(Record excerpts)

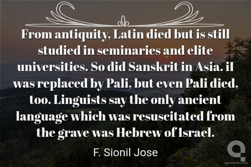 From antiquity, Latin died but is still studied in seminaries and elite universities. So did Sanskrit in Asia. iI was replaced by Pali, but even Pali died, too. Linguists say the only ancient language which was resuscitated from the grave was Hebrew of Israel.
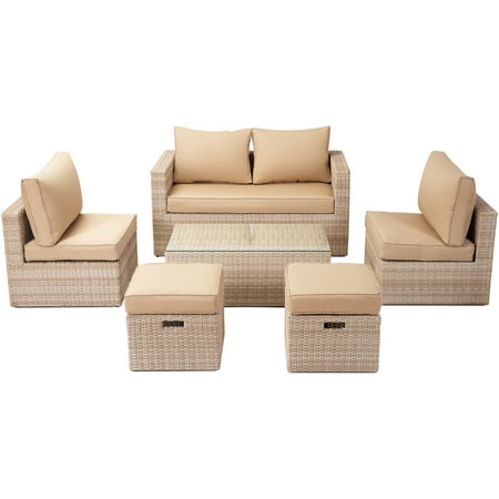 Clearance Outdoor Patio Furniture Sets 6pcs Wicker Patio
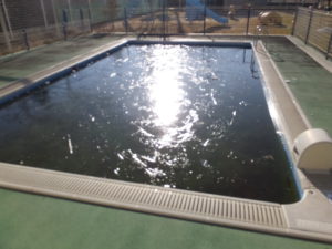 今年は雪が降らないねえ・・・なんて言っていた矢先、朝、園庭つづきにあるプールに氷がはっているのを発見!
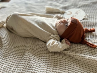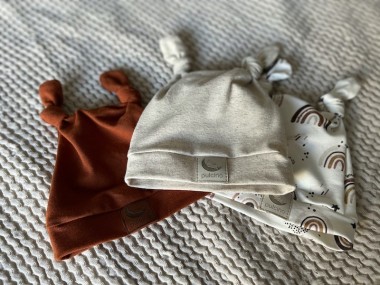 Cap made of a single layer of unique cotton knitwear. This material is flexible and fits perfectly. It perfectly protects the baby's head during walks from the sun and wind. We sew hats from safe certified knitwear.
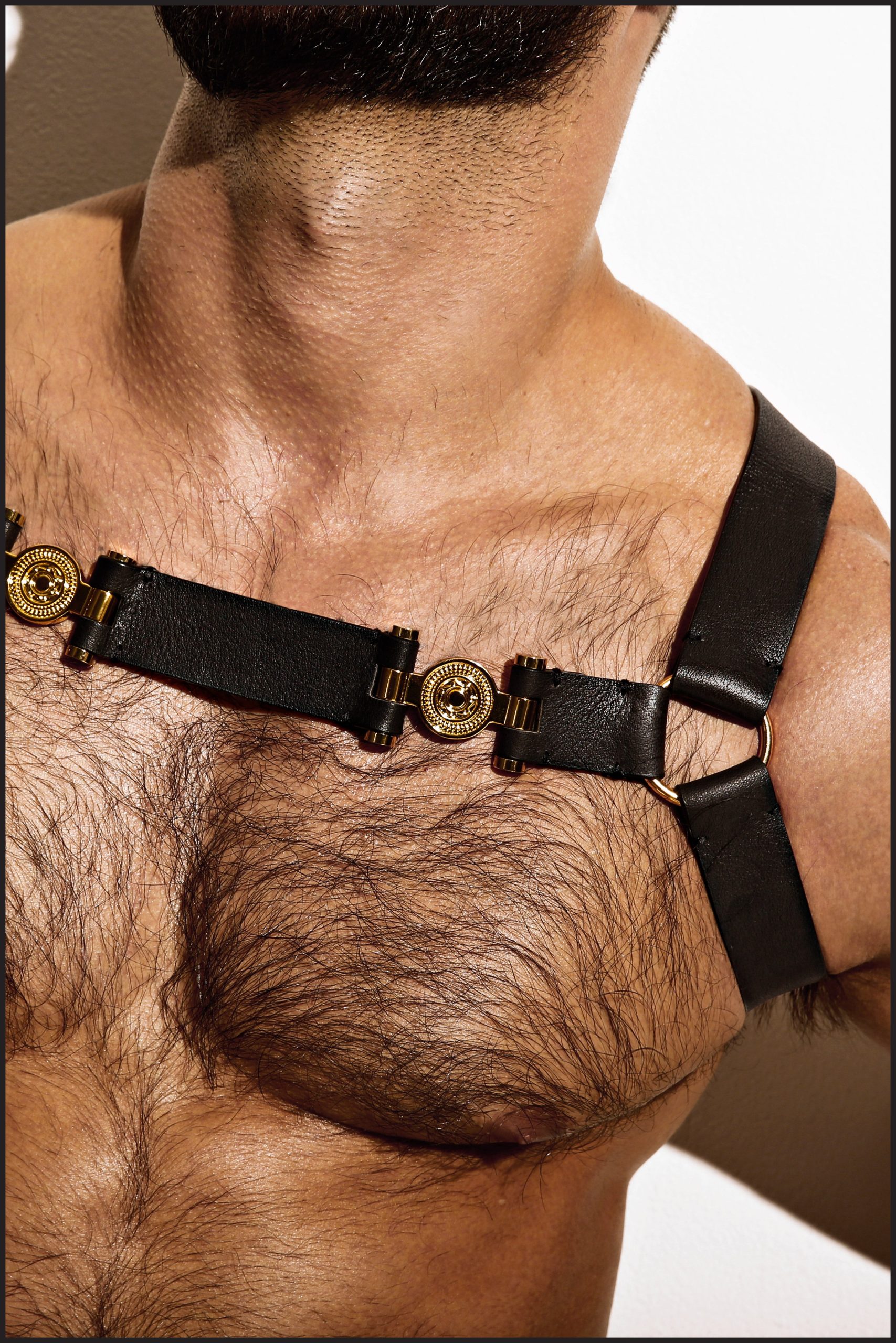 Adjustable Genuine Leather Chest Harness with gold hardware and 1 1/8 straps.
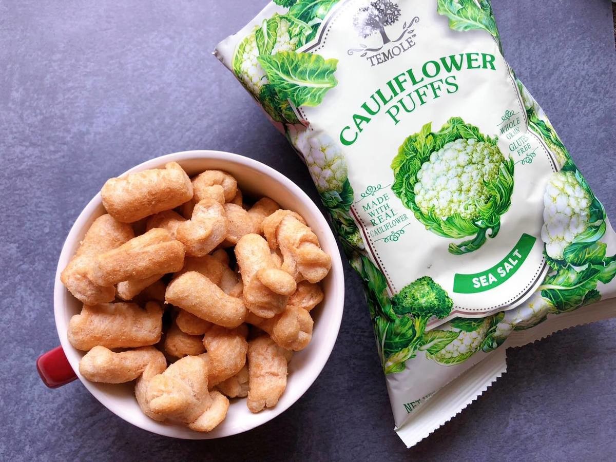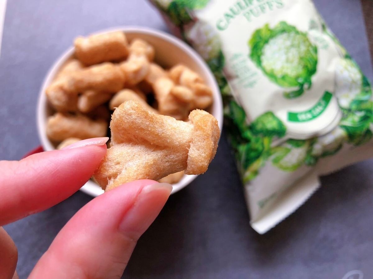 開けてみると、フワッとした軽いスナックが出てきました。買った後に知ったのですが、成分はカリフラワー、米、米油、食塩のみで、添加物不使用!グルテンフリーのお菓子でした。
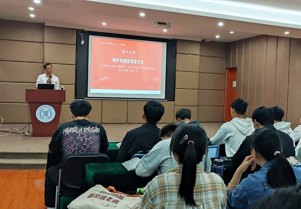5月22日上午,学院党委副书记王振亮以“维护和塑造国家安全”为主题,在创业大讲堂为乡村旅游产业学院2023级的学生讲授了一堂精彩的思政课。
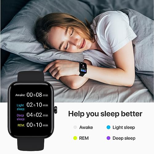 All-Day Activity Tracker Fitness Watch —— The fitness tracker measures your fitness throughout the day and watch your well-being with around-the-clock health features like a heart rate monitor, and blood oxygen monitor. Keep an eye on your stress level. Breathing exercises to help you adjust your breathing.
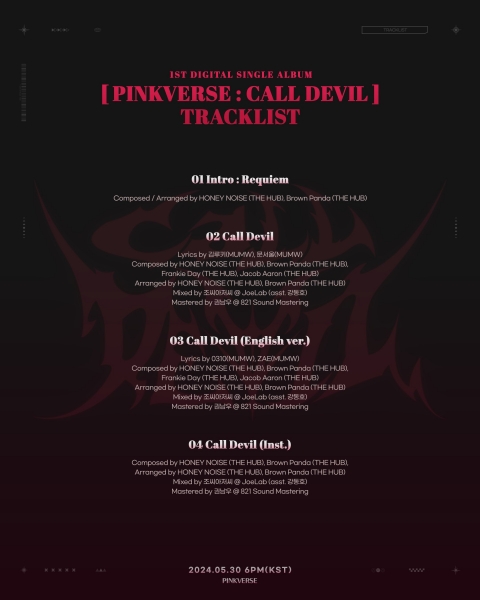 핑크버스는 지난 20일 공식 SNS 채널을 통해 데뷔 디지털 싱글 ‘Call Devil’의 트랙리스트를 공개했다.
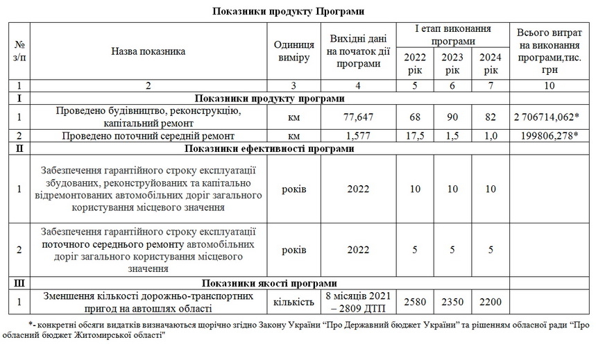 На виконання Програми розвитку дорожньої інфраструктури і фінансування робіт, пов'язаних із будівництвом, реконструкцією, ремонтом та утриманням автомобільних доріг місцевого значення в Житомирській області на 2022-2024 роки збираються спрямувати 3 млрд 738 млн 256 тис. 620 грн.
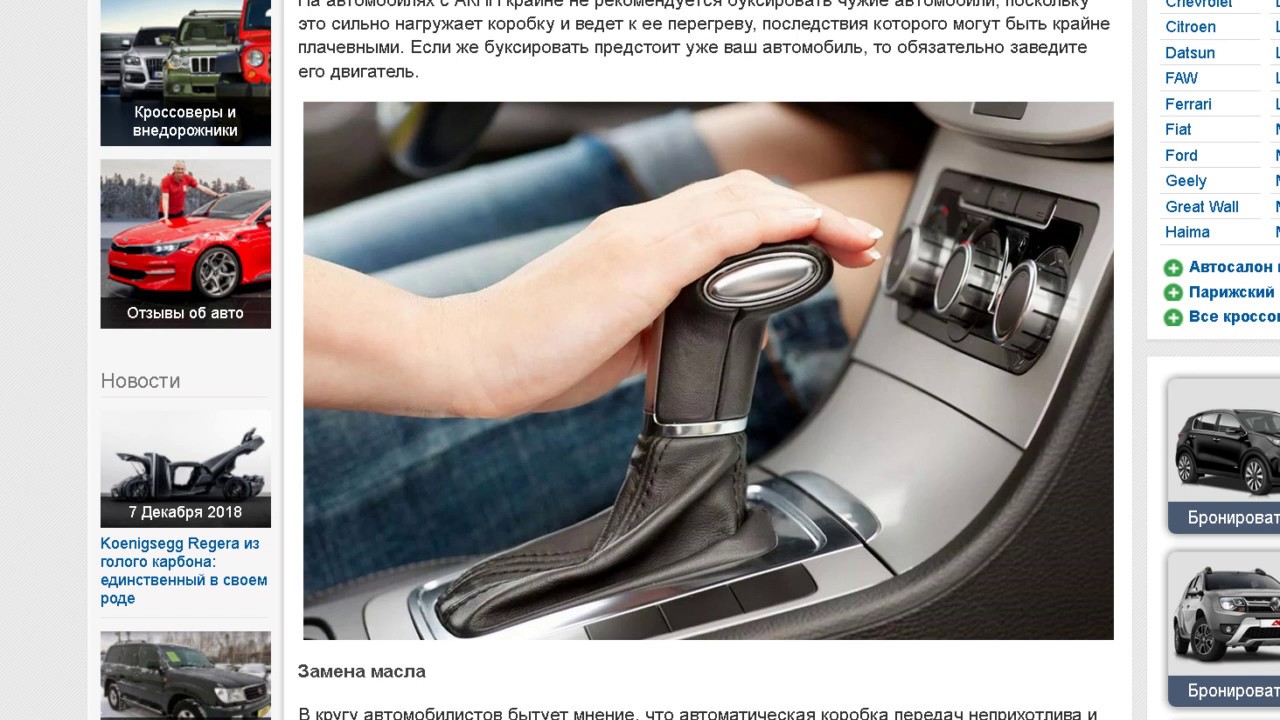 Как видно, перед буксировкой автомобиля с АКПП в случае поломки лучше всего ознакомиться с инструкцией к данному автомобилю. Дело в том, что не все транспортные средства, оборудованные автоматической коробкой переключения передач, можно буксировать.
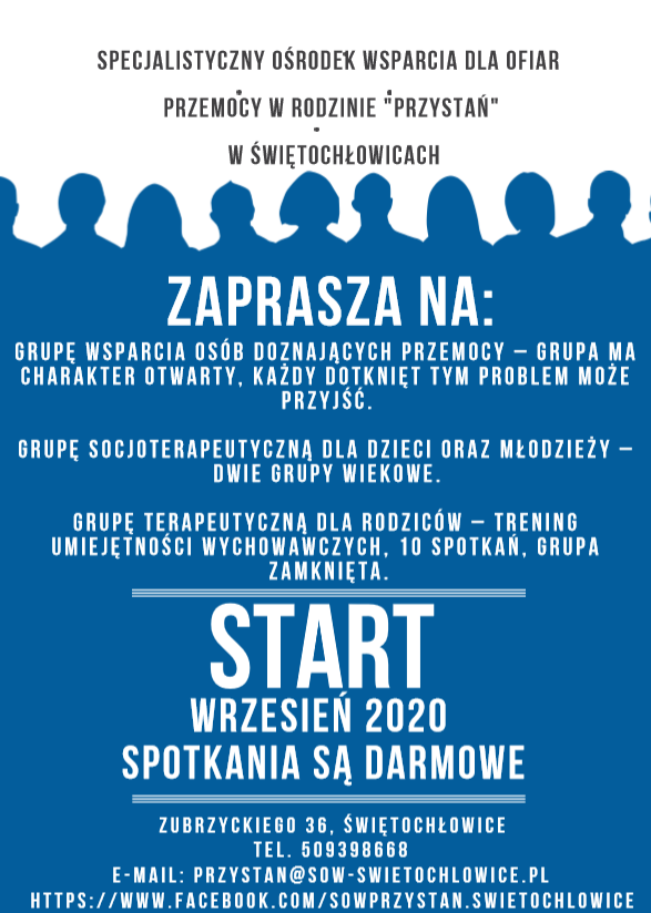 Specjalistyczny Ośrodek Wsparcia dla Ofiar Przemocy w Rodzinie „Przystań” w Świętochłowicach zaprasza od września 2020 r. na:

(End Record excerpts)

Directions for this task
Repeat all entries exactly. Skip the pictures.

Result
 From antiquity, Latin died but is still studied in seminaries and elite universities. So did Sanskrit in Asia. iI was replaced by Pali, but even Pali died, too. Linguists say the only ancient language which was resuscitated from the grave was Hebrew of Israel.
 Clearance Outdoor Patio Furniture Sets 6pcs Wicker Patio
 今年は雪が降らないねえ・・・なんて言っていた矢先、朝、園庭つづきにあるプールに氷がはっているのを発見!
 Cap made of a single layer of unique cotton knitwear. This material is flexible and fits perfectly. It perfectly protects the baby's head during walks from the sun and wind. We sew hats from safe certified knitwear.
 Adjustable Genuine Leather Chest Harness with gold hardware and 1 1/8 straps.
 開けてみると、フワッとした軽いスナックが出てきました。買った後に知ったのですが、成分はカリフラワー、米、米油、食塩のみで、添加物不使用!グルテンフリーのお菓子でした。
5月22日上午,学院党委副书记王振亮以“维护和塑造国家安全”为主题,在创业大讲堂为乡村旅游产业学院2023级的学生讲授了一堂精彩的思政课。
 All-Day Activity Tracker Fitness Watch —— The fitness tracker measures your fitness throughout the day and watch your well-being with around-the-clock health features like a heart rate monitor, and blood oxygen monitor. Keep an eye on your stress level. Breathing exercises to help you adjust your breathing.
 핑크버스는 지난 20일 공식 SNS 채널을 통해 데뷔 디지털 싱글 ‘Call Devil’의 트랙리스트를 공개했다.
 На виконання Програми розвитку дорожньої інфраструктури і фінансування робіт, пов'язаних із будівництвом, реконструкцією, ремонтом та утриманням автомобільних доріг місцевого значення в Житомирській області на 2022-2024 роки збираються спрямувати 3 млрд 738 млн 256 тис. 620 грн.
 Как видно, перед буксировкой автомобиля с АКПП в случае поломки лучше всего ознакомиться с инструкцией к данному автомобилю. Дело в том, что не все транспортные средства, оборудованные автоматической коробкой переключения передач, можно буксировать.
 Specjalistyczny Ośrodek Wsparcia dla Ofiar Przemocy w Rodzinie „Przystań” w Świętochłowicach zaprasza od września 2020 r. na:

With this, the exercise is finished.